Opposition figure Succès Masra, president of the Transformers party, returned to Ndjamena in early November 2023 after reconciling with transitional President Mahamat Idriss Déby. His stance on the upcoming constitutional referendum scheduled for December 17 has been eagerly anticipated.

On the occasion of the 65th anniversary of the proclamation of the Chadian Republic, Succès Masra addressed the issue on Tuesday, opting for what he termed “the third way.”

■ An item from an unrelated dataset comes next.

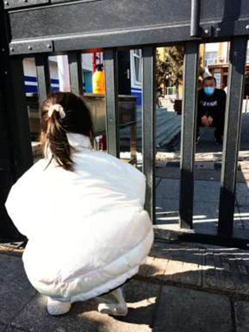 這是物理與電子信息學院黨總支副書記于健的妻子在校園外拍攝的一張照片,那時候的白城市還未實施靜態管理,思念爸爸的女兒苦苦央求媽媽帶她看看爸爸,蹲在校園圍欄外的小小背影,因為防疫規定只能遠遠安慰女兒的爸爸,此時按下手機快門的媽媽,心中的酸楚思念是不是還未來得及表達?觸手可及的照顧關愛都留給了學生,待疫情結束再給家人一個大大的擁抱吧。
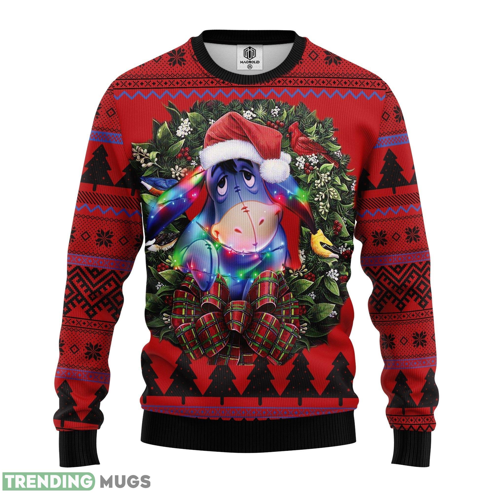 Featuring a whimsical design inspired by everyone’s favorite honey-loving bear, Winnie the Pooh, this sweater is sure to bring a smile to your face and warm your heart. The playful combination of classic holiday elements and the lovable characters from the Hundred Acre Wood creates a truly unique and eye-catching design.

Masra officially cites the ongoing debate within his party, Transformateurs, between proponents of a unitary state and supporters of a federal state as the reason for his position. Regarding the proposed constitution as a whole, Masra asserts that it is an improvement over the one adopted in 2020, even though it does not incorporate his primary demands, such as a presidential ticket consisting of an elected president and vice president, as well as the election of provincial governors. Nevertheless, he urges Chadians to vote according to their conscience.

Critics, particularly from within the Chadian opposition advocating against the referendum, argue that Succès Masra’s non-committal stance demonstrates his constraints due to the Kinshasa Agreement signed with the transitional government. They assert that he has chosen to be a “weather vane” instead of a “compass” guiding the Chadian people’s choice.

“Steadfast” in the face of criticism

Succès Masra dismisses these critiques, asserting his steadfastness and emphasizing that he chose “reconciliation within justice.” He contends that, for progress, both the transitional president and himself had to make concessions. Asserting his status as a statesman, Masra refutes claims of any “secret agreement” between them, as alleged by some.

The debate surrounding the constitutional referendum in Chad continues, with Succès Masra’s positioning adding an intriguing dimension to the unfolding political landscape.